When the Chinese wholesaler moved to Sloterdijk, a future as a hotel was the most obvious one. According to Kin-Ping, there were hardly any alternatives. “The layout of the buildings did not comply with the building rules for permanent residence. Then you would have had to demolish almost everything and build new structures, right in the middle of the Red Light District. When the government was still a strong advocate of new hotels, the municipality, district, Stadsherstel and NV Zeedijk all strongly agreed.
This was not the case for everyone in the area, which is why it’s an objection. The resistance to Hotel Mai Amsterdam did not seem defensible to the family. Since the designs date from 2006, they never fell under the hotel stop that the city council later announced in its attempts to curb the tourist crowds. The judge ruled otherwise. “We had a permit for 83 rooms, but there was a typo in a hotel list of the municipality; there were 63 rooms. The court found that so important that they immediately destroyed the entire project. We had nothing left at all.”
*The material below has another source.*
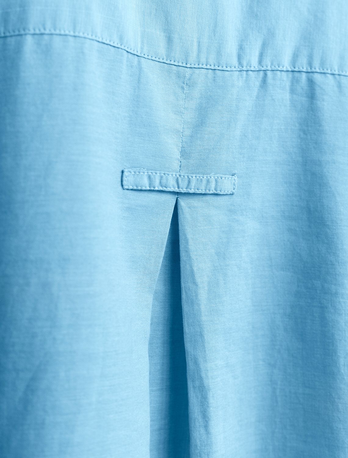 Свободная блузка лазурно-голубого цвета с отложным воротником из хлопка станет отличным выбором для тех, кто ценит комфорт и стиль. Благодаря натуральной ткани, блузка приятная к телу и подходит для ежедневной носки. Материал — 100% хлопок — гарантирует хорошую воздухопроницаемость и ощущение свежести даже в жаркие дни. Удлиненный крой создает современный силуэт, который отлично смотрится в повседневных образах. Базовая модель легко впишется в любой гардероб и станет универсальным решением для самых разных случаев.Ткань держит форму после стирки, что делает уход за вещью простым и удобным. Карман на груди добавляет функциональности и делает образ более интересным. Натуральная структура материала не раздражает кожу, а сама блузка освежает внешний вид благодаря своему лаконичному дизайну и приятной расцветке.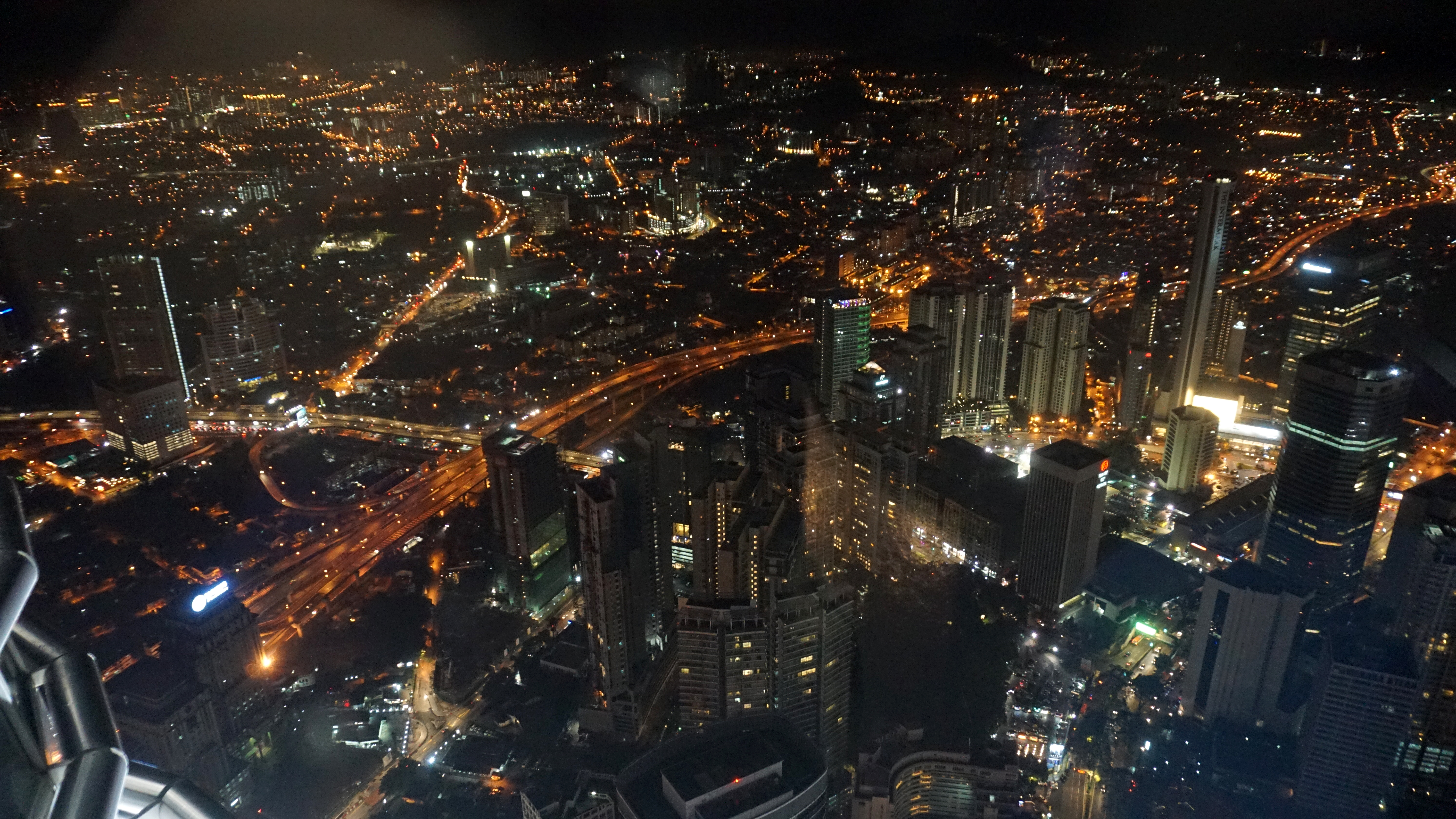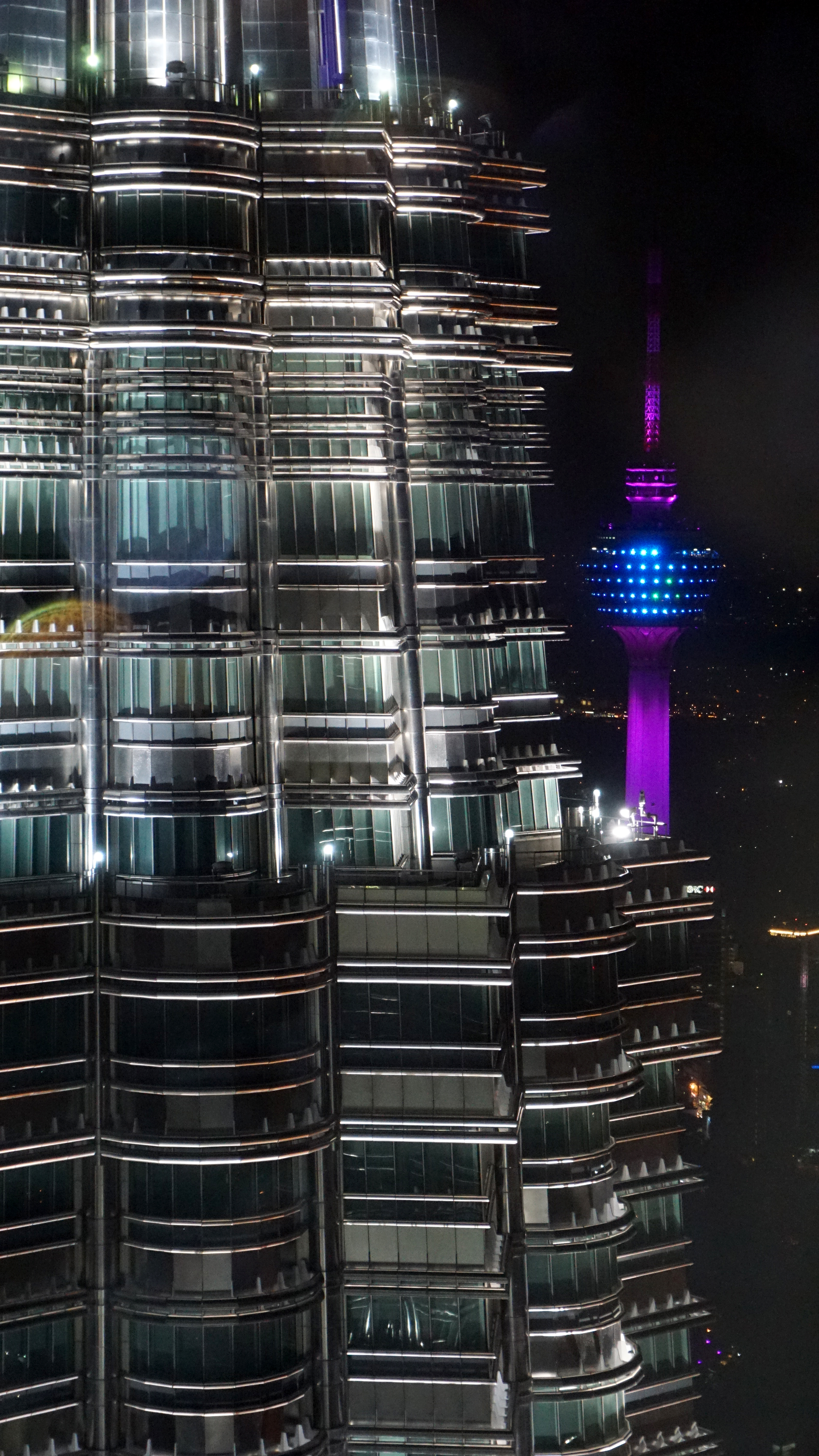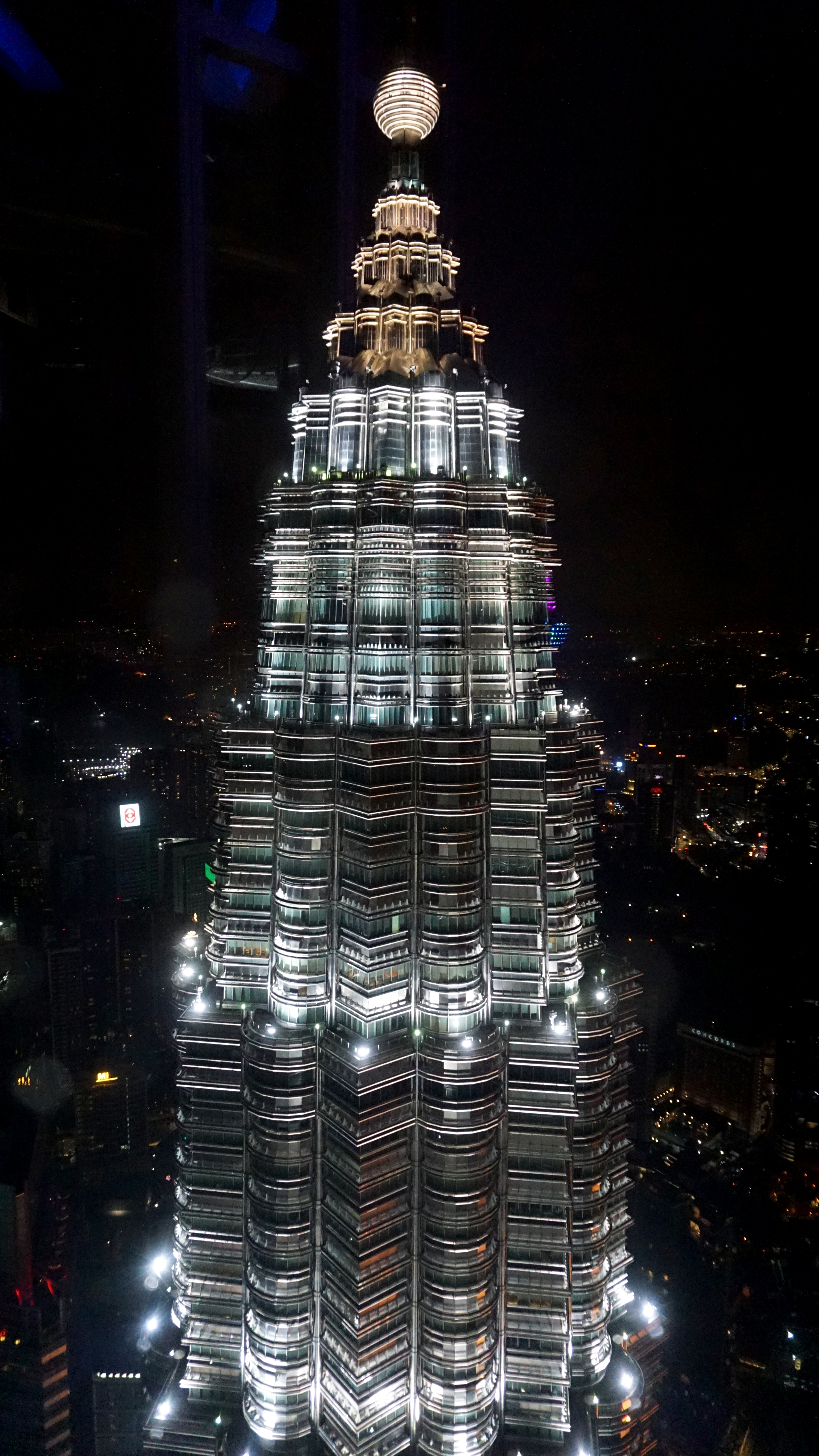 After visiting the bridge for a few minutes, the group is escorted to the observation deck at the top of one of the towers. This observation area boasts grand views in almost all directions. I was at the top at night, so my views were limited to what was lit up. Personally, my favorite view was of the other tower. At this vantage point, you could really see the detail of the buildings including the spire. The KL Tower was also visible in its glowing lantern-like state.

“It hurt because the building had been empty for so long. What we earned at the Asian Shop disappeared into this project. It couldn’t have lasted much longer. We are not a project developer who has all kinds of funds to deal with that.” He understands the concerns. “We’ve been a part of this neighbourhood for so long that I really see what the objections are. We promised not to sell the hotel anytime soon and knew very early on that we would partner with Vondel Hotels for the operation. We went to their Hotel De Hallen with a bus full of local residents, to show what kind of hotel group that is. That did help. But you don’t convince people who don’t want to believe it.”
In the end they had to take it up to the Board of State level to dismantle the consequences of the typing error. The family made more promises, laid down in the permits. The hotel has a separate restaurant, MAI Kitchen, with its own entrance on the Zeedijk. That entrance is not for Hotel Mai Amsterdam guests. “That was the agreement with Stadsherstel; no trunks on the Zeedijk. ” Another deal concerns the Elleboogsteeg between Zeedijk and Geldersekade, which separates the hotel buildings. This alley was closed for years, now it opens again. “That is a wish of the city district; not our idea. We would have preferred to have made it part of the hotel, covered. But that went too far for the district. Understandable, because it is public space.
That meant that we had to go over it with a glass passage, which was quite difficult. ”Kin-Ping is satisfied with the final result. “It has not become a hotel with red lanterns. It is a look that I do not know, but that feels very good. Arjen van den Hof, had a lot of contact with my parents. Much of the art that now stands here comes from our store. I see some images still exactly in place in the racks, under fluorescent light.”